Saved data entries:

· · · ·

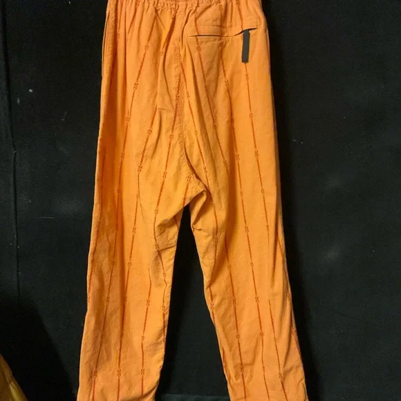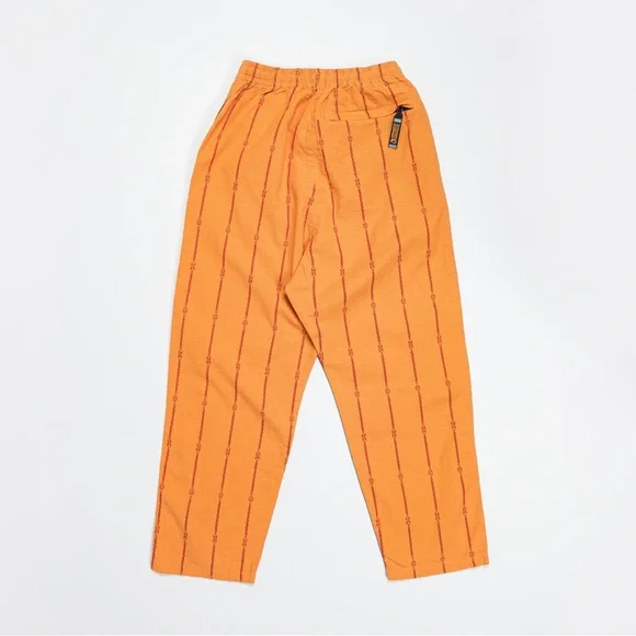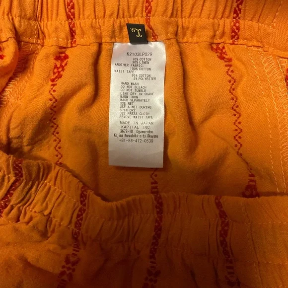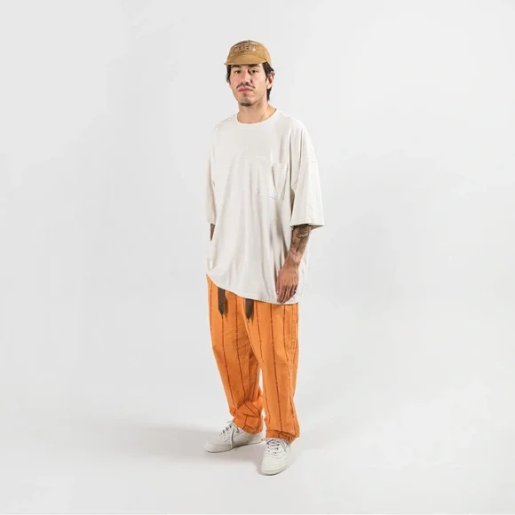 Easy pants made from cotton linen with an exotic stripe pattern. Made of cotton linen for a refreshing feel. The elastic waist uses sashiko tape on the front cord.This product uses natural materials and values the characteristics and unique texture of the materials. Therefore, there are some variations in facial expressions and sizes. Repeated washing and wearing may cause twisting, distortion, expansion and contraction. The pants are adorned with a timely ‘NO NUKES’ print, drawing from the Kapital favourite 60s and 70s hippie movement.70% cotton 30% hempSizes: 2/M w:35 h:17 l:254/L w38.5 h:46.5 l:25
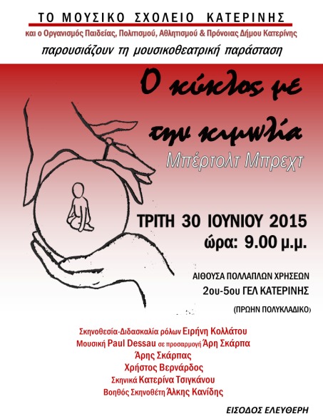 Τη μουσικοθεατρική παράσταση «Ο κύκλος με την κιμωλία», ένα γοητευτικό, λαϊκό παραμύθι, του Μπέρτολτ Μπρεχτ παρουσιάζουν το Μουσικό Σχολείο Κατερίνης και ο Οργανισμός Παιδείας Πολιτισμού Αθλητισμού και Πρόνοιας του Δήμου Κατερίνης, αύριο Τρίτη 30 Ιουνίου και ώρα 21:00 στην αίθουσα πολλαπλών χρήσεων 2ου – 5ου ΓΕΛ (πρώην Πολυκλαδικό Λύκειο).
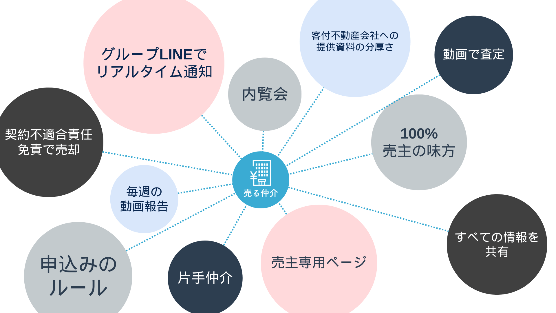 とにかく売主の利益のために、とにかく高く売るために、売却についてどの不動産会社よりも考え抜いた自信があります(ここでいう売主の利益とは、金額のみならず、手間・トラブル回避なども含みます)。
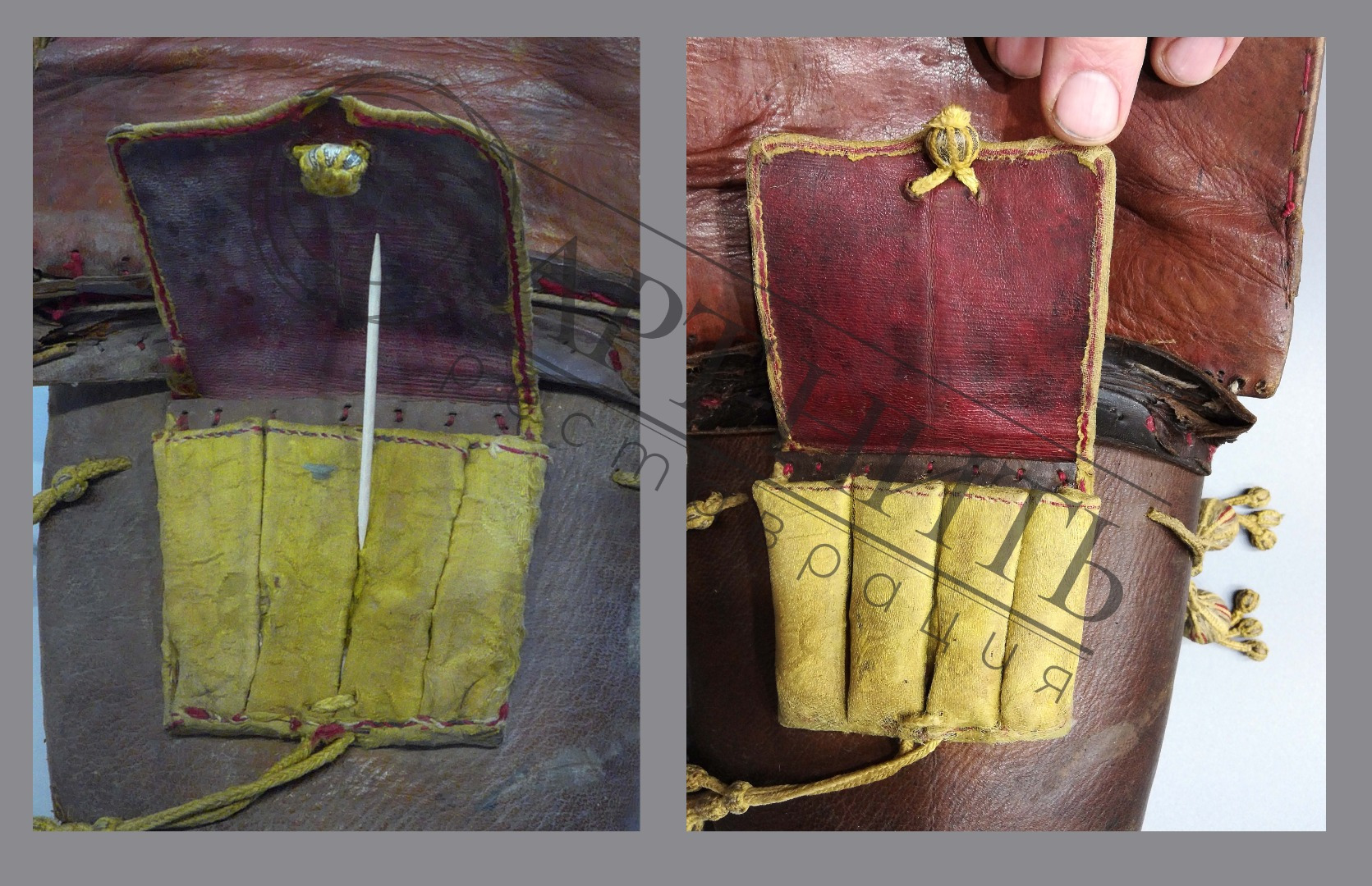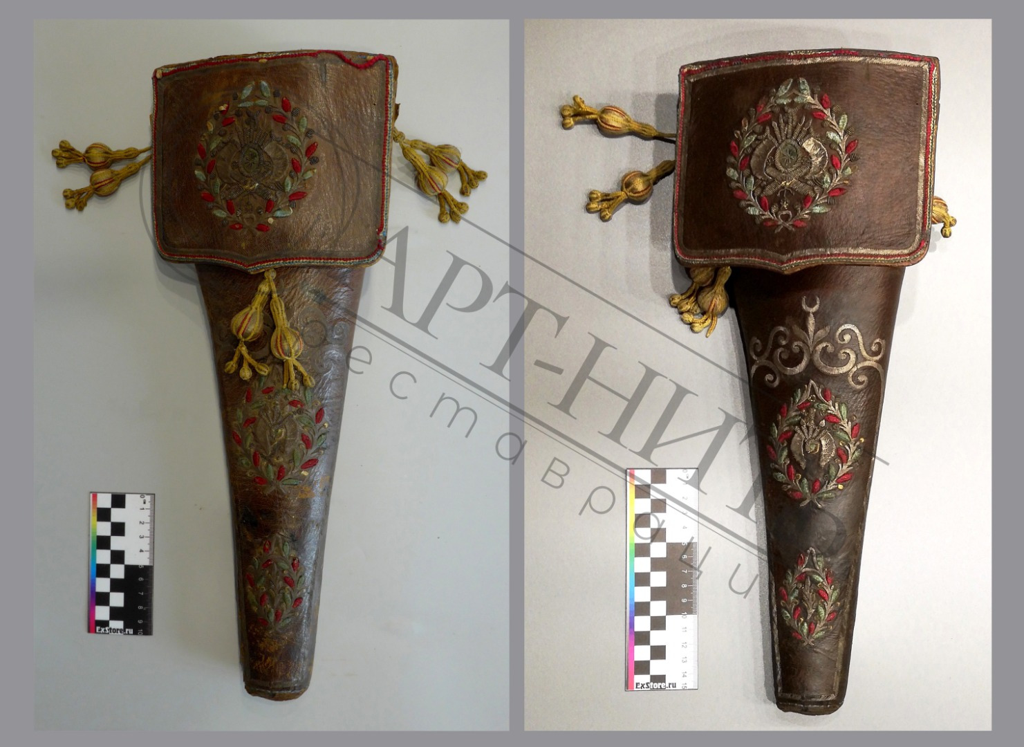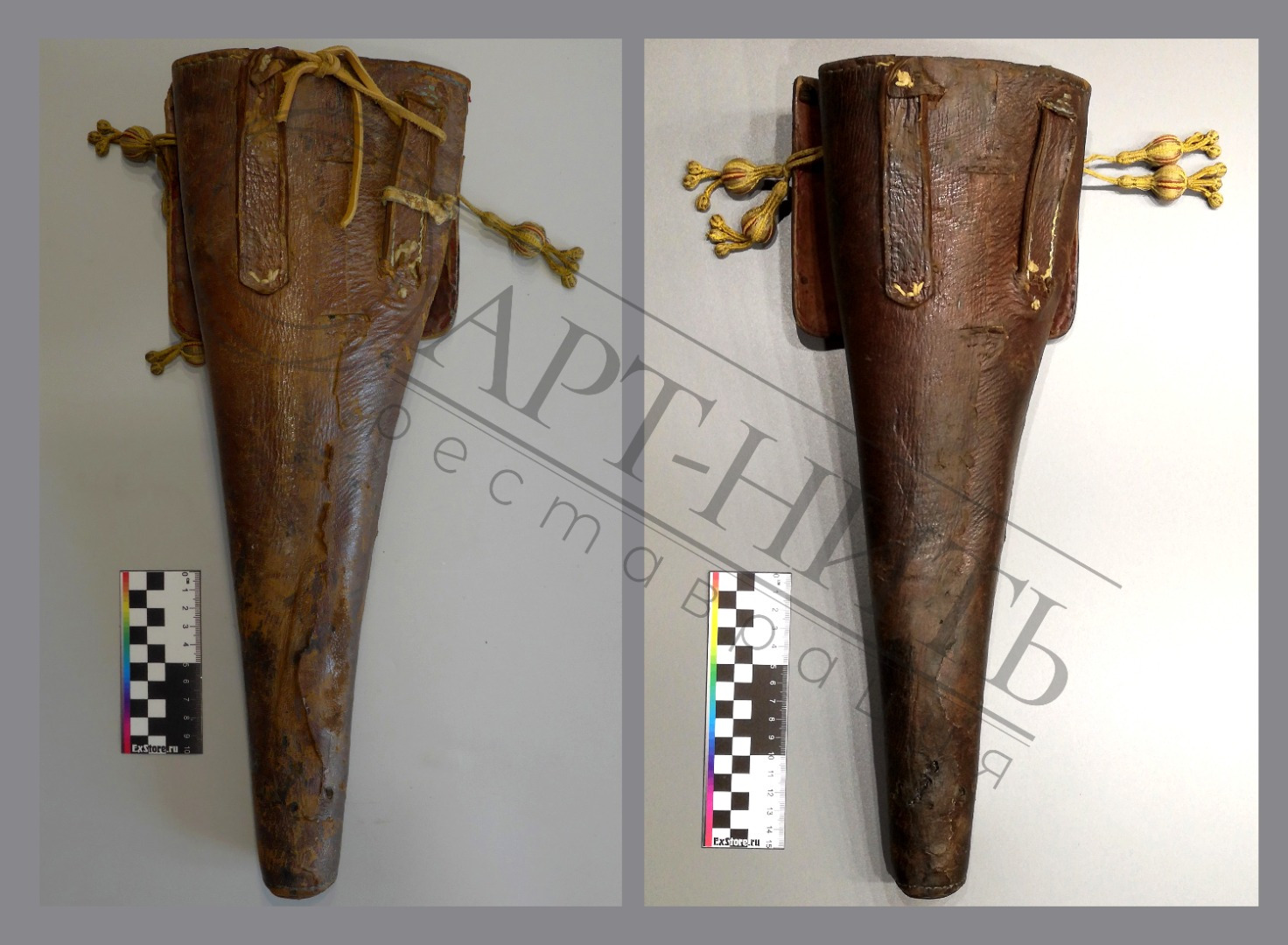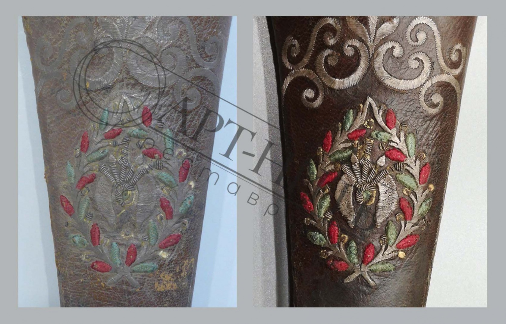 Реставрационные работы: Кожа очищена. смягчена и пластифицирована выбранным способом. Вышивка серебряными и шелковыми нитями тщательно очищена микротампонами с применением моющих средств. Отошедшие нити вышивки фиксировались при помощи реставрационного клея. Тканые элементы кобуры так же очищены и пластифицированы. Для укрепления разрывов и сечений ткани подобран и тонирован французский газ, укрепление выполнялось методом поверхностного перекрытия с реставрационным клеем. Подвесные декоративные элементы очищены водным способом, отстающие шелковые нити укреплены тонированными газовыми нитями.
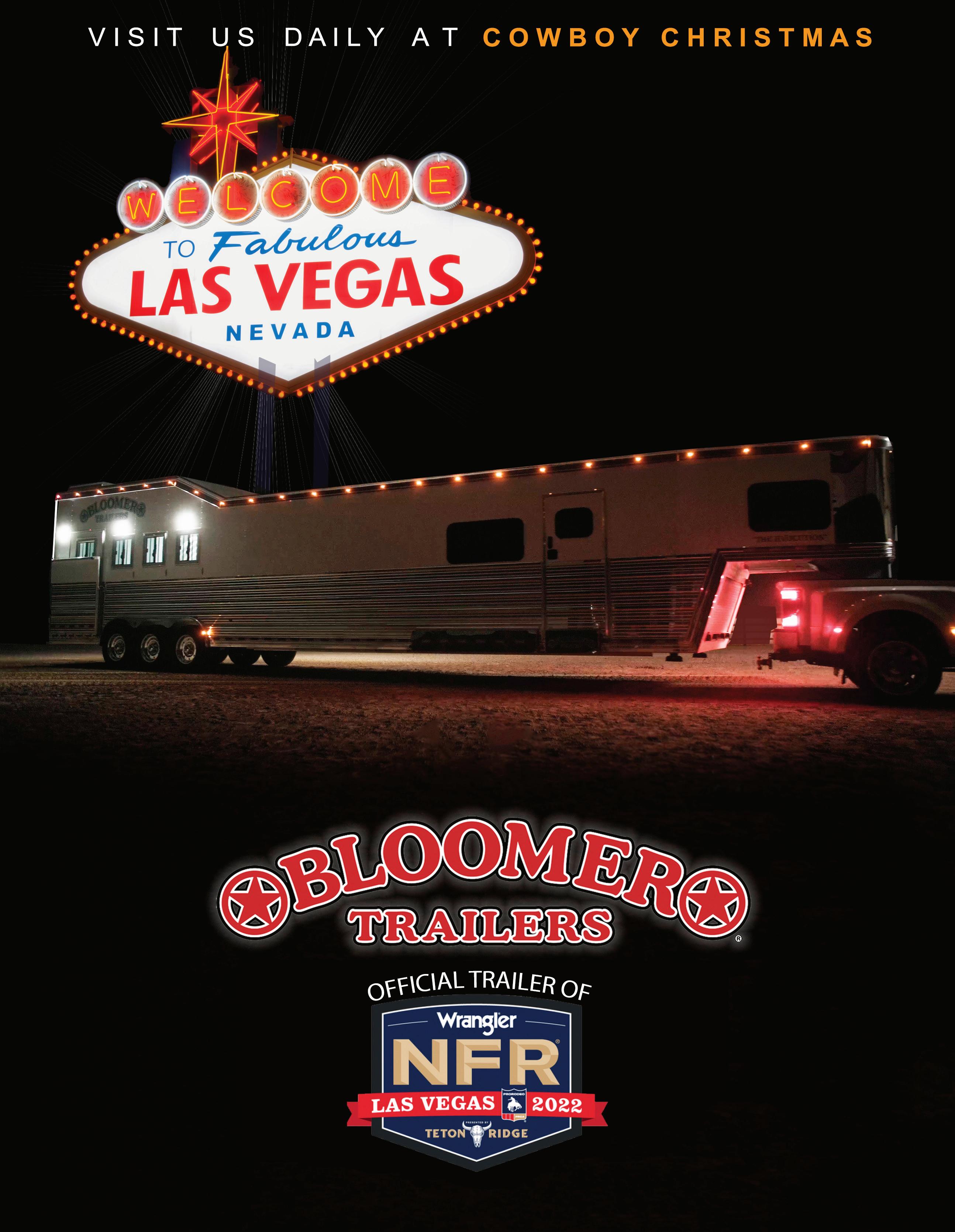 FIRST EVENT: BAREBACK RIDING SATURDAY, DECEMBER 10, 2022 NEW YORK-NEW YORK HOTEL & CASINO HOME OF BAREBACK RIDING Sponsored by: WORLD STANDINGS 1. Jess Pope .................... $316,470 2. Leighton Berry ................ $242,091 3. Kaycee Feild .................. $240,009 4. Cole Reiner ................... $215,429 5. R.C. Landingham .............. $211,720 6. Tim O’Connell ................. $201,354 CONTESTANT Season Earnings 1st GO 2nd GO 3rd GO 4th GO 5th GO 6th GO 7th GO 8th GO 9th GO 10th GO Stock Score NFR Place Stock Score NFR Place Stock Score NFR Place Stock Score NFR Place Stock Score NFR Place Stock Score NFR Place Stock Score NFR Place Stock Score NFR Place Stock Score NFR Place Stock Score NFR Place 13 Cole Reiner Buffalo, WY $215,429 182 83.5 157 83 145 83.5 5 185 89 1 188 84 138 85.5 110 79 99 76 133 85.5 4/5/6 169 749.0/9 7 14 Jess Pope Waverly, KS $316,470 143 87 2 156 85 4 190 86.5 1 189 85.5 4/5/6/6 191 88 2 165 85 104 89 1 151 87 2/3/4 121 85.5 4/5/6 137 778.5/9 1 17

· · · ·

(WORK REQUIRED): Treating the line with "Реставрационные работы: Кожа" as the last line to include, retype the records exactly from their first line, excluding pictures.

(WRITTEN ANSWER):
 Easy pants made from cotton linen with an exotic stripe pattern. Made of cotton linen for a refreshing feel. The elastic waist uses sashiko tape on the front cord.This product uses natural materials and values the characteristics and unique texture of the materials. Therefore, there are some variations in facial expressions and sizes. Repeated washing and wearing may cause twisting, distortion, expansion and contraction. The pants are adorned with a timely ‘NO NUKES’ print, drawing from the Kapital favourite 60s and 70s hippie movement.70% cotton 30% hempSizes: 2/M w:35 h:17 l:254/L w38.5 h:46.5 l:25
 Τη μουσικοθεατρική παράσταση «Ο κύκλος με την κιμωλία», ένα γοητευτικό, λαϊκό παραμύθι, του Μπέρτολτ Μπρεχτ παρουσιάζουν το Μουσικό Σχολείο Κατερίνης και ο Οργανισμός Παιδείας Πολιτισμού Αθλητισμού και Πρόνοιας του Δήμου Κατερίνης, αύριο Τρίτη 30 Ιουνίου και ώρα 21:00 στην αίθουσα πολλαπλών χρήσεων 2ου – 5ου ΓΕΛ (πρώην Πολυκλαδικό Λύκειο).
 とにかく売主の利益のために、とにかく高く売るために、売却についてどの不動産会社よりも考え抜いた自信があります(ここでいう売主の利益とは、金額のみならず、手間・トラブル回避なども含みます)。
 Реставрационные работы: Кожа очищена. смягчена и пластифицирована выбранным способом. Вышивка серебряными и шелковыми нитями тщательно очищена микротампонами с применением моющих средств. Отошедшие нити вышивки фиксировались при помощи реставрационного клея. Тканые элементы кобуры так же очищены и пластифицированы. Для укрепления разрывов и сечений ткани подобран и тонирован французский газ, укрепление выполнялось методом поверхностного перекрытия с реставрационным клеем. Подвесные декоративные элементы очищены водным способом, отстающие шелковые нити укреплены тонированными газовыми нитями.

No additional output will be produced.